Exercise directions: Everything from the line with "- メインウィンドウの ModOps" through the final line of the listing below must be retyped exactly, apart from the pictures.

Recorded information:
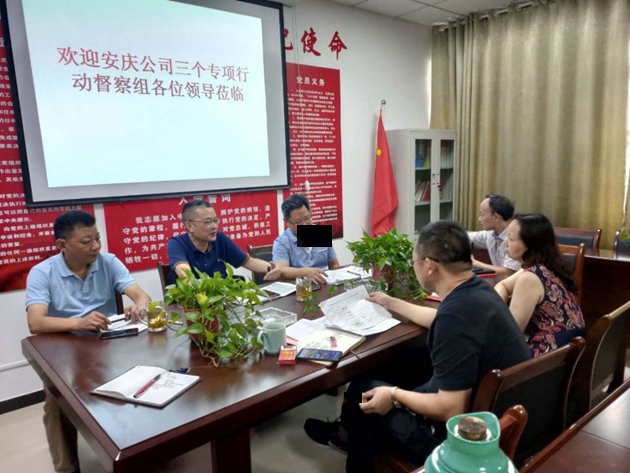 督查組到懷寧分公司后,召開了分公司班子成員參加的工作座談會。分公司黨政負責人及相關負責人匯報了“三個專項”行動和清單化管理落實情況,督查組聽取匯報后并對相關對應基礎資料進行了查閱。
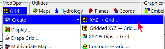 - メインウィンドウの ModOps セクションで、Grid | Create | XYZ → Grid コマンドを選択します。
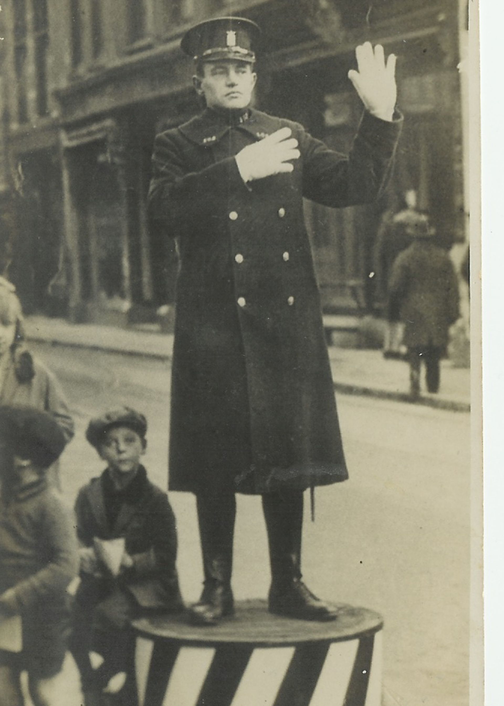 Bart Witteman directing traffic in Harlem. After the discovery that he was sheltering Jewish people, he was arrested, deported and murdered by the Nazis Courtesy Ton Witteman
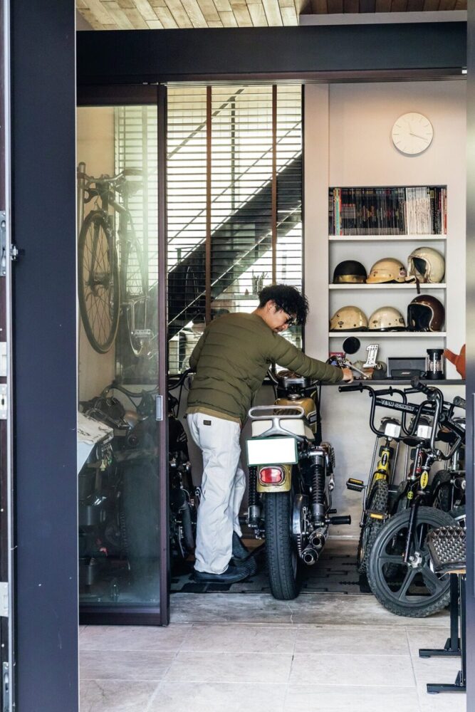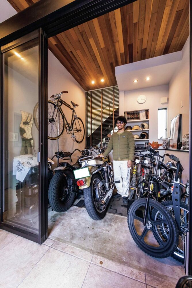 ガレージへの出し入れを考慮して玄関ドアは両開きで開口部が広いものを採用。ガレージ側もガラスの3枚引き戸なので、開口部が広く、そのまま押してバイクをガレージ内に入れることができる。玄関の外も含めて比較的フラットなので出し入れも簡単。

Response area:
 - メインウィンドウの ModOps セクションで、Grid | Create | XYZ → Grid コマンドを選択します。
 Bart Witteman directing traffic in Harlem. After the discovery that he was sheltering Jewish people, he was arrested, deported and murdered by the Nazis Courtesy Ton Witteman
 ガレージへの出し入れを考慮して玄関ドアは両開きで開口部が広いものを採用。ガレージ側もガラスの3枚引き戸なので、開口部が広く、そのまま押してバイクをガレージ内に入れることができる。玄関の外も含めて比較的フラットなので出し入れも簡単。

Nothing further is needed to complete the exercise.